Потом звучали псалмы, и под сводами отдавалась неясная траурная мелодия, я смотрел на свет и запрестольный образ. Крупный град застучал под окном собора, когда ближайшие родственники погибших – дети, мужчины и женщины – встали и медленно потянулись к дверям. Некоторые плакали. Одни, казалось, смотрели куда-то вдаль, другие просто опустили голову. Я знал, что родители Мюнди, его братья и сестры сейчас далеко, но мои глаза невольно искали хоть кого-нибудь из Дьюпифьёрдюра. Не помню, нашел ли я земляков, но зато мой взгляд натолкнулся на щеку, которая показалась мне знакомой: чуть похудевшая девичья щека, черные волосы, выпуклый лоб, темные брови. Девушка вела рыжего мальчика и невысокую женщину средних лет, очевидно свою мать. Опустив головы, они, как и другие скорбящие, медленно прошли мимо последней скамьи. Никто из них будто и не мог заплакать в присутствии чужих людей.
Через полчаса, держа перед собой газету, я вновь всматривался в фотографии на первой странице, особенно в Хельги Бьёрднссона, моториста. Мне вспомнилось, что Мюнди тепло отзывался о нем, когда мы однажды темным вечером пробовали залить наше горе. Вспомнилось, что та молодая девушка что-то сказала о своем отце: мол, мотористы на траулерах не хозяева своей судьбы.
Ее звали Хильдюр.
Хильдюр Хельгадоухтир, дочь того самого Хельги Бьёрднссона, моториста.

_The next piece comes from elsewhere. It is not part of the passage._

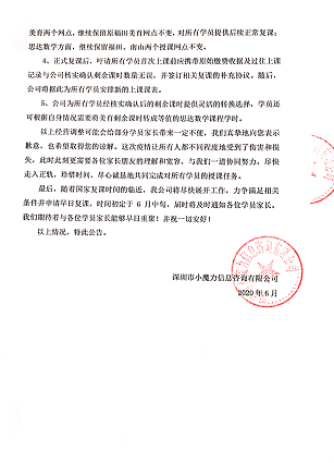 公司6月5日對家長發(fā)的公告1。家長提供。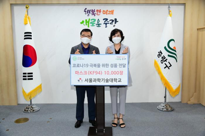 서울 중랑구는 지난 18일 서울과학기술대학교로부터 코로나19 극복을 위한 KF94 마스크 1만장(650만원 상당)을 전달받았다. 전달받은 마스크는 지역내 경로당 46곳에 배부될 예정이다. 사진은 전달식에서 류경기 구청장(왼쪽)이 박미정 서울과학기술대학교 교육부총장과 기념촬영을 하는 모습. (사진제공=중랑구청)

Как-то тихим зимним днем 1940 года она постучалась ко мне и попросила сочинить стихотворение на юбилей ее дедушки. Сегодня у нее горе. Ее отец лежит на морском дне, как и многие из тех моряков, что, бросив вызов ужасам войны, доставляли в Англию рыбу.
8
– «Ты выдержал экзамен по исландской словесности?» – передразнил Стейндоур Гвюдбрандссон, скорчив такую мину, будто ничего не знал. – Когда ты произносишь этот сакраментальный вопрос, то каждый раз превращаешься в этакую смешную помесь озабоченной деятельницы Армии спасения и занудного учителя, сидящего на собрании молодежной организации. Почему не сказать проще: «Ты закончил отделение скандинавской филологии?» Зачем говорить языком старого устава? А вообще-то мне спешить некуда, сдам экзамен, когда захочу, заставлю себя вымучить длинный-предлинный трактат о каком-нибудь рифмоплете семнадцатого века, наверняка съеденном вшами, и получу диплом, подтверждающий, что духовная кастрация произведена. Интересно, а ты… может, ты уже прошел этот этап?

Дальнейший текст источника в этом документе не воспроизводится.